SUPPLIED DATA below:

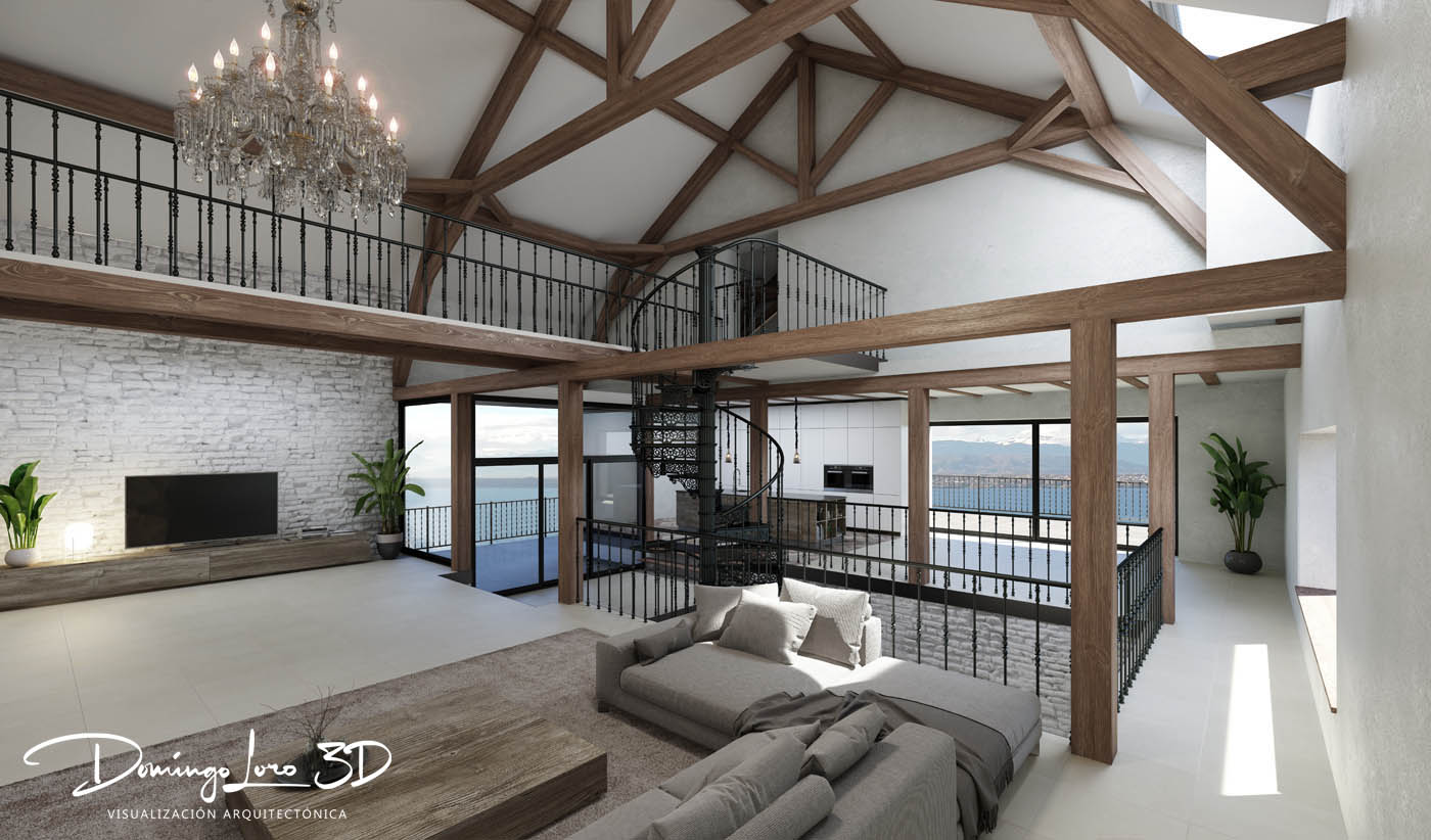 Este artículo muestra la infografía 3D de un espacio interior de la primera planta de una granja con varios siglos de historia en un entorno idílico frente al lago Lemán en Suiza que se va a rehabilitar de manera integral para su reconversión en vivienda realizado por un prestigioso interiorista internacional una infografía 3D perteneciente a un proyecto de interiorismo donde la calidad del mobiliario, así como su espacio y los distintos elementos, están representados con gran detalle y realismo con una resolución de imagen de 8K Ultra HD con un tamaño de 33 megapixels. Hemos realizado miles de recreaciones virtuales de interiores en ambientes con infografía 3D para arquitectos, interioristas, promotores inmobiliarios y clientes particulares de toda España. Para desarrollar recreaciones virtuales con infografía 3D de ambientes para la representación de interiores es necesaria una formación muy específica, gran capacidad de interpretación y diseño de espacios interiores, comprensión y conocimiento de los distintos elementos que componen la escena, experiencia y sobre todo calidad de render ya que se trata de visualizar, con mucha fidelidad y realismo, el interior 3D en cuestión para poder utilizar las imágenes como una eficaz herramienta de venta. El equipo de profesionales de nuestro estudio de infografía 3D reúne todas esas capacidades lo que nos permite afrontar cualquier tipo de representación de ambientes realizados con renders de interiores con gran calidad, realismo y una relación calidad y precio de las mejores del mercado.
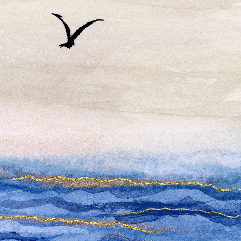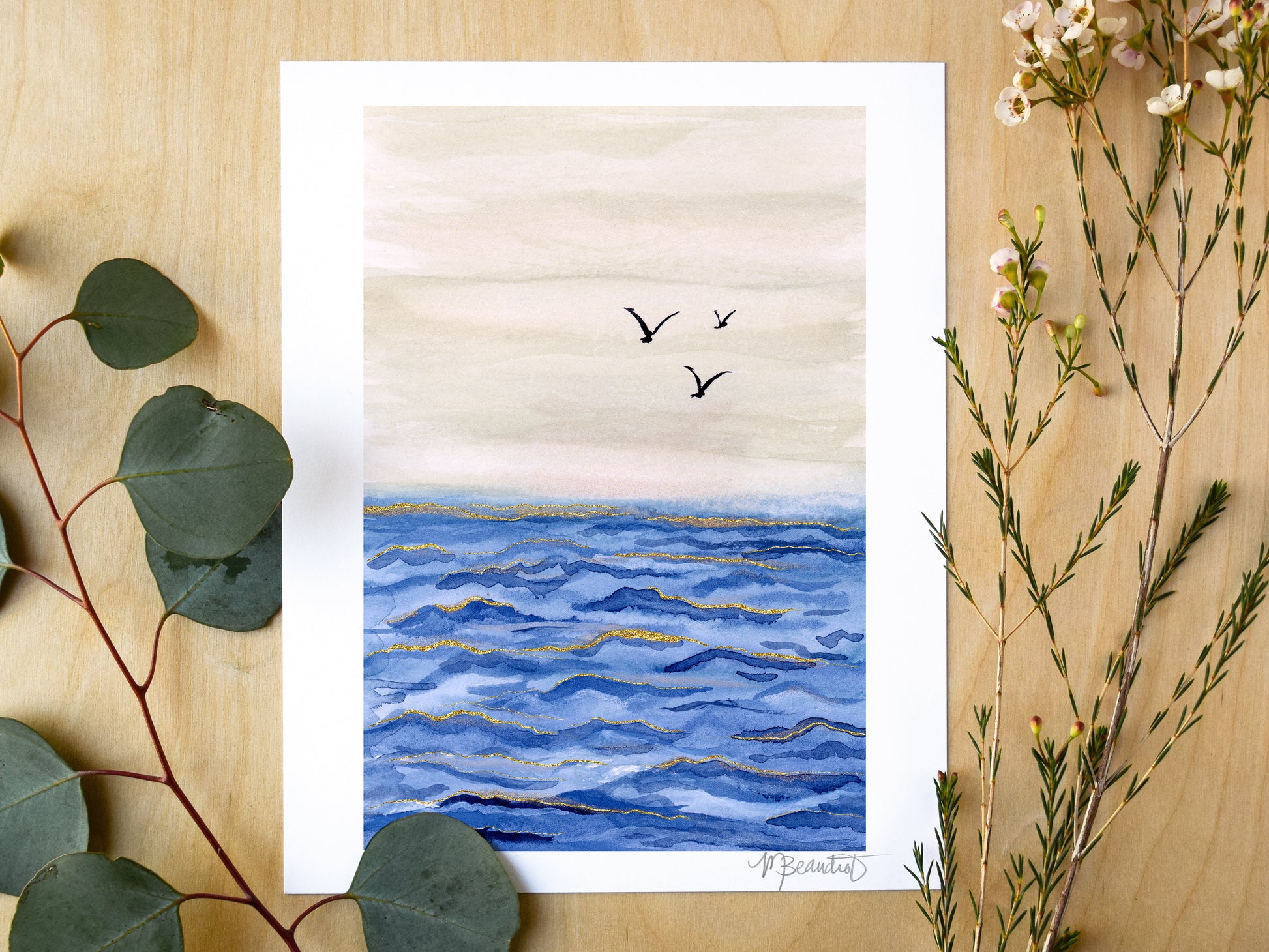 This beautiful watercolor painting captures a moment of nostalgia for home. Hues of blues portray the peacefulness of the ocean. The painting should give the viewer a sense of calm as they are taken away by the gentle waves and lulling seascape and seagulls flying into the horizon. The movement of the waves and the depth of the blues create a tranquil atmosphere that is sure to bring a feeling of nostalgia and peace. This painting is a reminder of the beauty of the ocean and the calming effects it can bring to all of us.
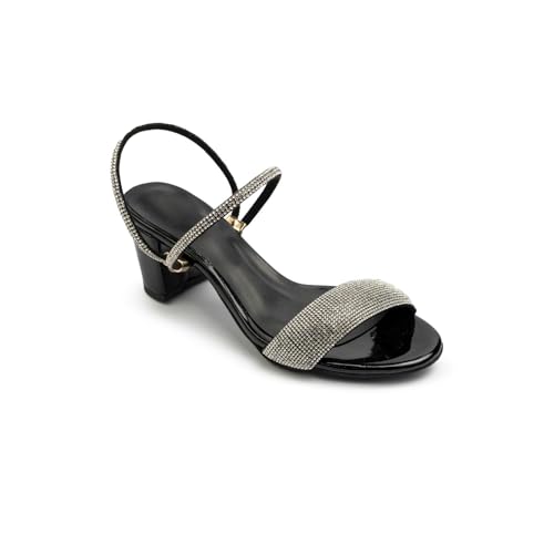 Generic - صندل بكعب 5 سم للنساء بسيور اللماظ للمناسبات والسهرات
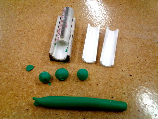 El concepto básico es que tienes un cilindro aserrado por la mitad longitudinalmente para darle dos cilindros medio. Ponga una cantidad medida de su medio (arcilla o arcilla polimérica) en el centro, frotar las dos mitades juntas y obtendrá una esfera perfecta.

End of SUPPLIED DATA.

(WHAT THE TASK REQUIRES): Write out each line again, exactly as it appears above, except for any picture.

(REPLY TO THE TASK):
 Este artículo muestra la infografía 3D de un espacio interior de la primera planta de una granja con varios siglos de historia en un entorno idílico frente al lago Lemán en Suiza que se va a rehabilitar de manera integral para su reconversión en vivienda realizado por un prestigioso interiorista internacional una infografía 3D perteneciente a un proyecto de interiorismo donde la calidad del mobiliario, así como su espacio y los distintos elementos, están representados con gran detalle y realismo con una resolución de imagen de 8K Ultra HD con un tamaño de 33 megapixels. Hemos realizado miles de recreaciones virtuales de interiores en ambientes con infografía 3D para arquitectos, interioristas, promotores inmobiliarios y clientes particulares de toda España. Para desarrollar recreaciones virtuales con infografía 3D de ambientes para la representación de interiores es necesaria una formación muy específica, gran capacidad de interpretación y diseño de espacios interiores, comprensión y conocimiento de los distintos elementos que componen la escena, experiencia y sobre todo calidad de render ya que se trata de visualizar, con mucha fidelidad y realismo, el interior 3D en cuestión para poder utilizar las imágenes como una eficaz herramienta de venta. El equipo de profesionales de nuestro estudio de infografía 3D reúne todas esas capacidades lo que nos permite afrontar cualquier tipo de representación de ambientes realizados con renders de interiores con gran calidad, realismo y una relación calidad y precio de las mejores del mercado.
 This beautiful watercolor painting captures a moment of nostalgia for home. Hues of blues portray the peacefulness of the ocean. The painting should give the viewer a sense of calm as they are taken away by the gentle waves and lulling seascape and seagulls flying into the horizon. The movement of the waves and the depth of the blues create a tranquil atmosphere that is sure to bring a feeling of nostalgia and peace. This painting is a reminder of the beauty of the ocean and the calming effects it can bring to all of us.
 Generic - صندل بكعب 5 سم للنساء بسيور اللماظ للمناسبات والسهرات
 El concepto básico es que tienes un cilindro aserrado por la mitad longitudinalmente para darle dos cilindros medio. Ponga una cantidad medida de su medio (arcilla o arcilla polimérica) en el centro, frotar las dos mitades juntas y obtendrá una esfera perfecta.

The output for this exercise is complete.